Lido has become the current market leader in the field of liquidity staking markets, with a total staked asset value of $12 billion. This number has increased by 38% year-on-year and by 105% over the past 180 days.

Over the past 30 days, Lido has generated $60.4 million in fees and earned 10% of that, or $6.04 million, in revenue.
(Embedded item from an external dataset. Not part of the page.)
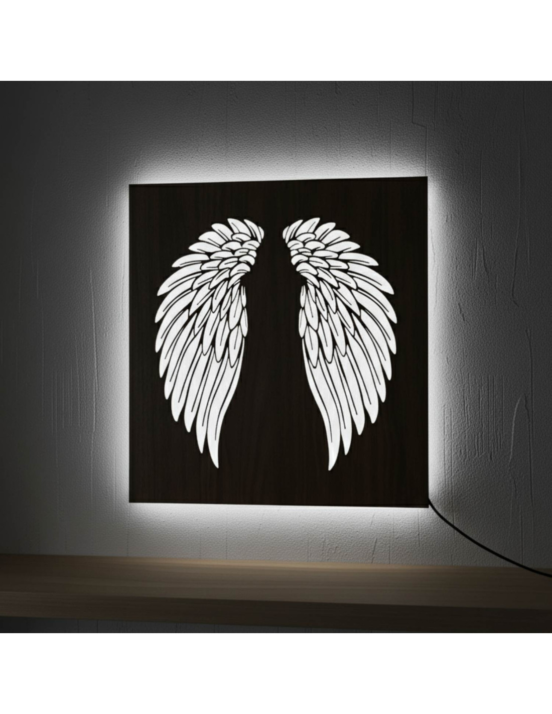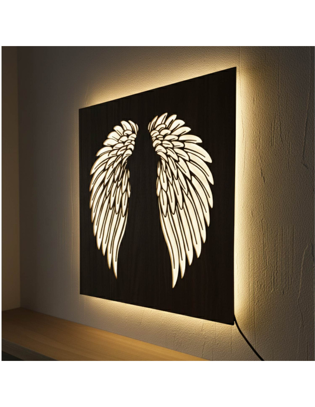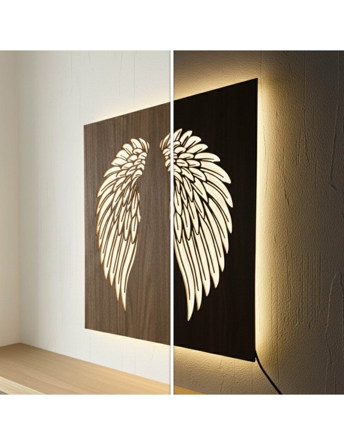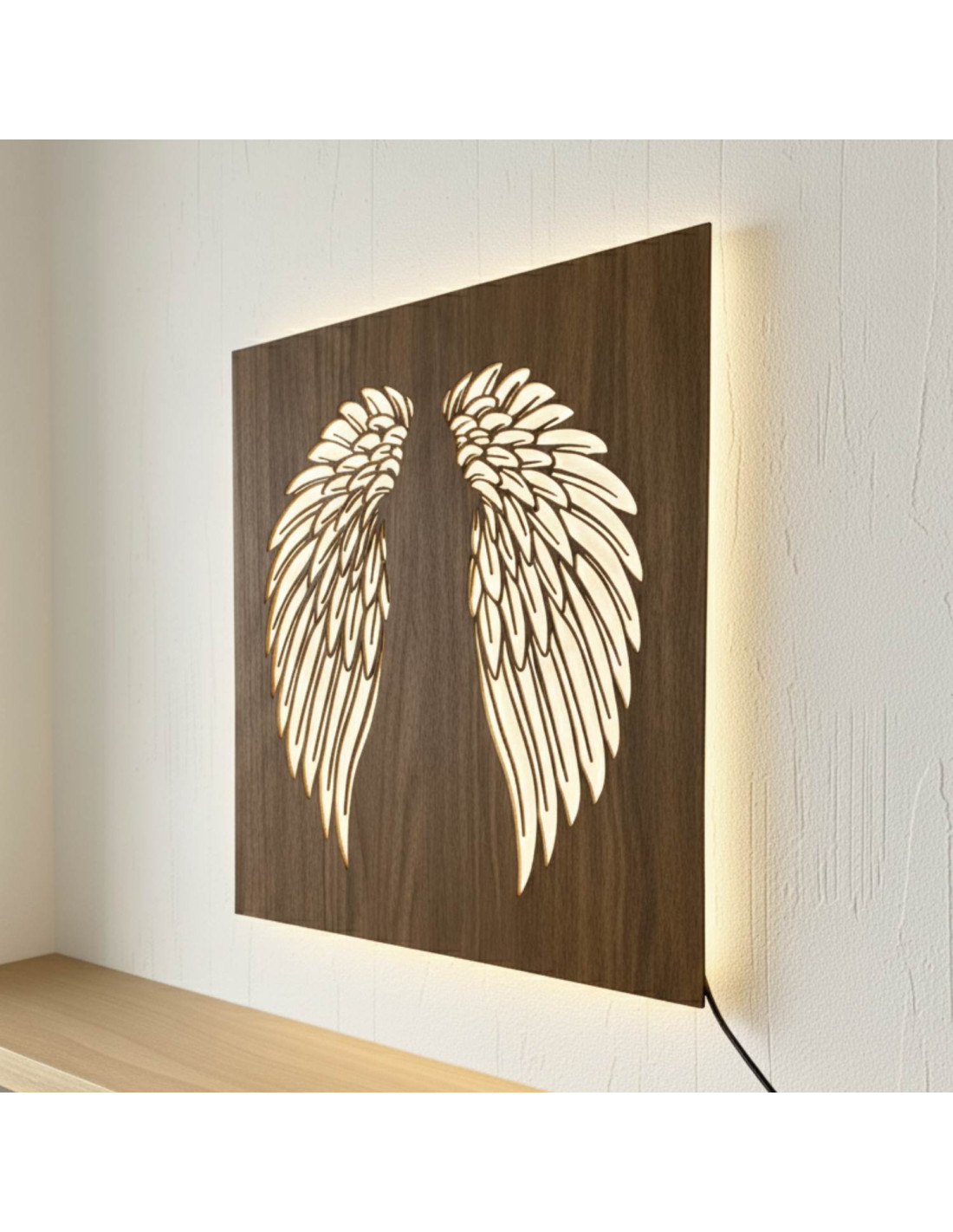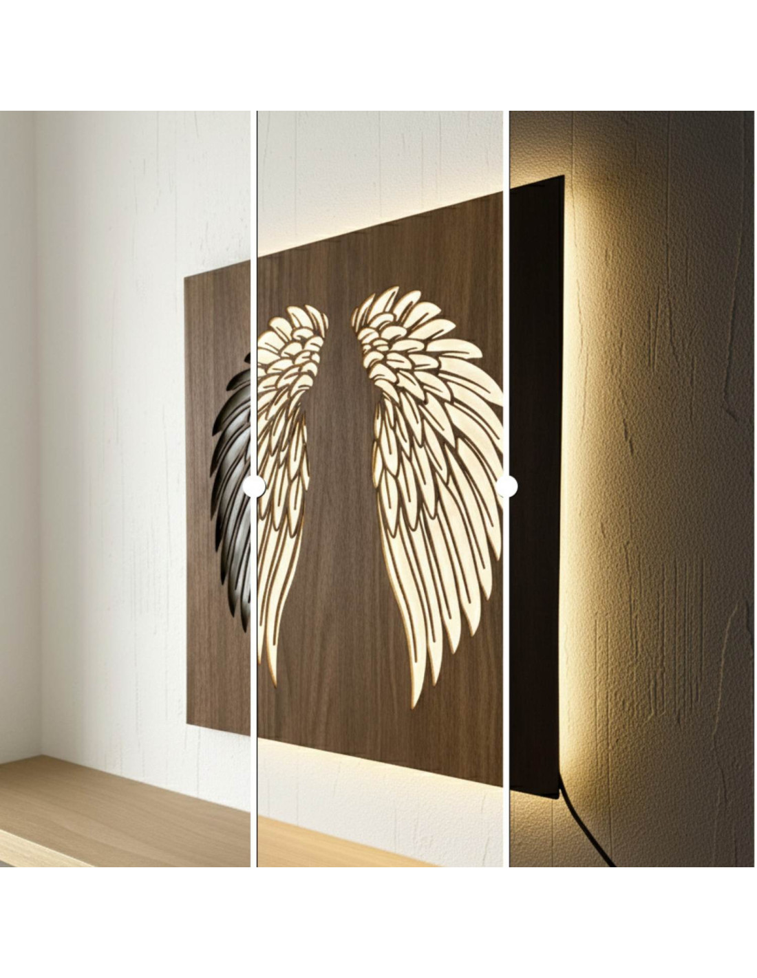 Hinterleuchtetes Holzbild mit LED-Beleuchtung – Engelsflügel an der Wand

This revenue is split 50/50 between node operators and the Lido DAO.

Avalanche is a Layer 1 blockchain that competes with Ethereum by prioritizing scalability and faster transaction speeds. It uses a novel consensus algorithm that offers strong security, fast transaction finality, and high throughput while maintaining decentralization.

Principles:

1. Users pay 1 AVAX in transaction fees for a block
2. 1 AVAX is burned -> “stock buyback” that benefits all AVAX holders equally
3. Validators earn 0 AVAX from fees
4. Validators receive 2 AVAX (newly minted AVAX) from block rewards
5. Since validators have already received partial ownership from delegators, they must share their earnings with those AVAX holders

Final result:

1. 1 AVAX is burned
2. Validators receive 1 AVAX
3. AVAX holders who delegate stake receive 1 AVAX

Key points:

• On Avalanche, all transaction fees are burned, and validators’ only source of income is staking rewards. The burning mechanism, as a form of “stock buyback,” benefits all AVAX holders equally. Over the past 30 days, Avalanche’s average daily fees have been around $64,000.
• As a relatively new member of the blockchain space, Avalanche is issuing a large number of AVAX tokens to incentivize its validators. This approach is often used as a way to guide growth in the early stages of a platform. These incentives attract validators and stimulate growth and activity within the Avalanche ecosystem.
• Avalanche’s economic model may change in the future. Fee and reward structures are not set in stone and can be adjusted based on future governance decisions. Currently, 50% of the total supply of AVAX tokens is allocated as staking rewards for validators. This allocation plan is set to occur over a ten-year period from 2020 to 2030. As staking reward allocations eventually come to an end, we may see some portion of transaction fees redirected to validators in the future.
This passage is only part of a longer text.